• Colin Huntley

Heartbreak and Hunger

I sat down to journal this morning, like I always do. I'm a creature of habit. I wake up at 6am, go to the gym, show up at the same coffee shop, and journal at 8am, nearly every single day. I almost feel like I'm comedically regimented to the baristas. Typically, I'm practicing intermittent fasting each morning too, and am generally about 12 hours fasted by the time I get to the coffee shop.

Today, for some reason, I sat down to journal, and I was outrageously hungry. I am never hungry at 8am. But this morning, I was. Attempting to ignore it, I sat down to write. The last month of my life has been quite emotional, and the last week has been the most emotional of the last 4. Sorting out my thoughts is a pretty good way to alleviate emotional pain. It wasn't working this morning. I was sad. No way around it. Heartbroken, and Hungry.

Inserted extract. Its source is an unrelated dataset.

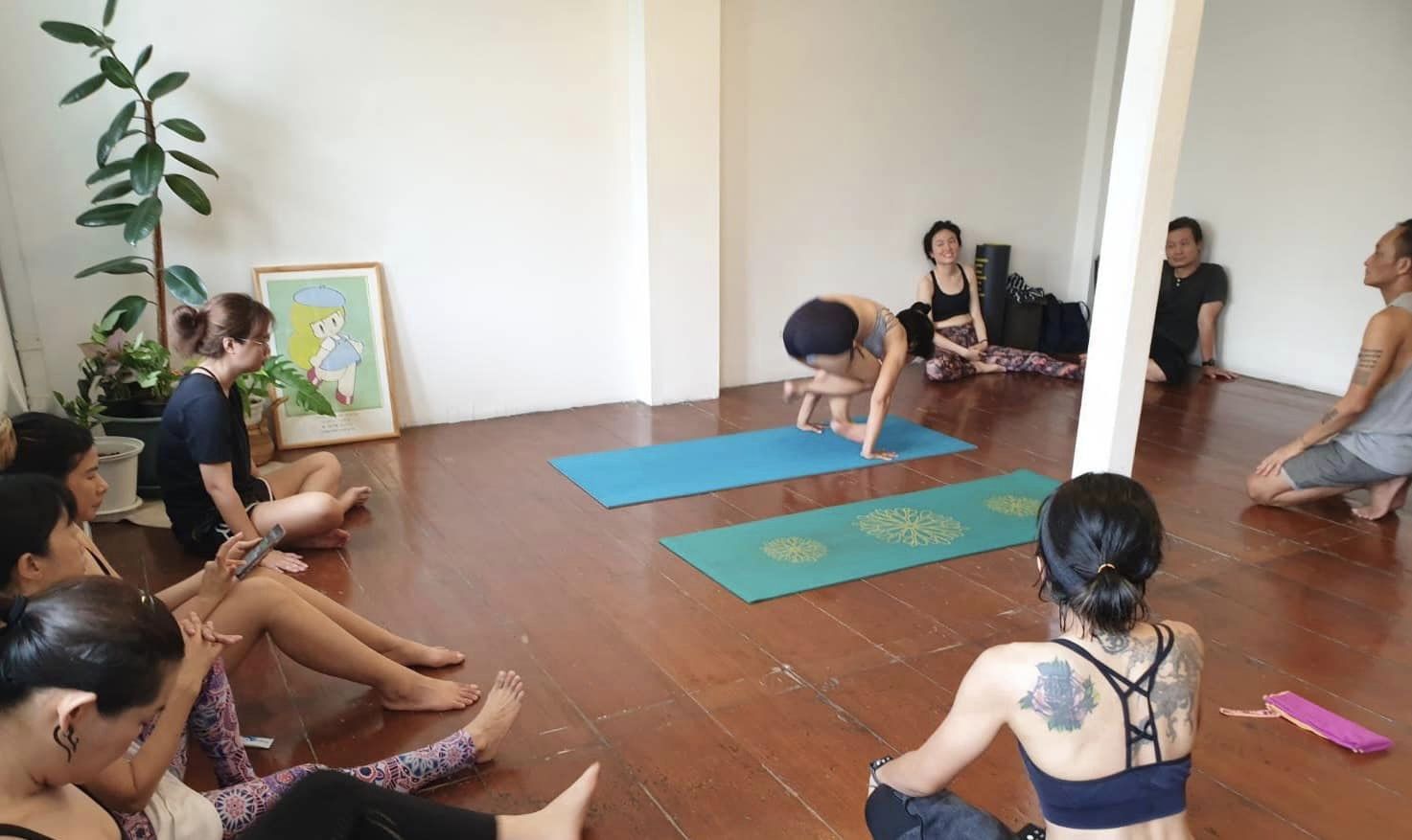 พื้นที่ชั้นสองของP.space โดยปกติเราจะใช้เป็นพื้นที่สอนโยคะอยู่แล้ว และพี่ยาได้มาปิ๊งกับพื้นที่ชั้นสองของเราที่เป็นพื้นไม้ในตึกเก่าแก่ย่านพระนครก็เลยติดต่อเช่าพื้นที่เพื่อจัดคลาสโยคะส่วนตัวเล็กๆขึ้น

I remembered watching a YouTube video recently about intermittent fasting, and the science behind it. The narrator eventually started describing the hormone Ghrelin, otherwise known as The Hunger Hormone. Ghrelin is responsible for making you feel hungry. It's the grumbling in your tummy. So when you eat, Ghrelin is then responsible for holding on to what you eat, and converting it to fat storage. But it also stimulates human growth hormone. Human growth hormone breaks down fat, and coverts it to muscle build up.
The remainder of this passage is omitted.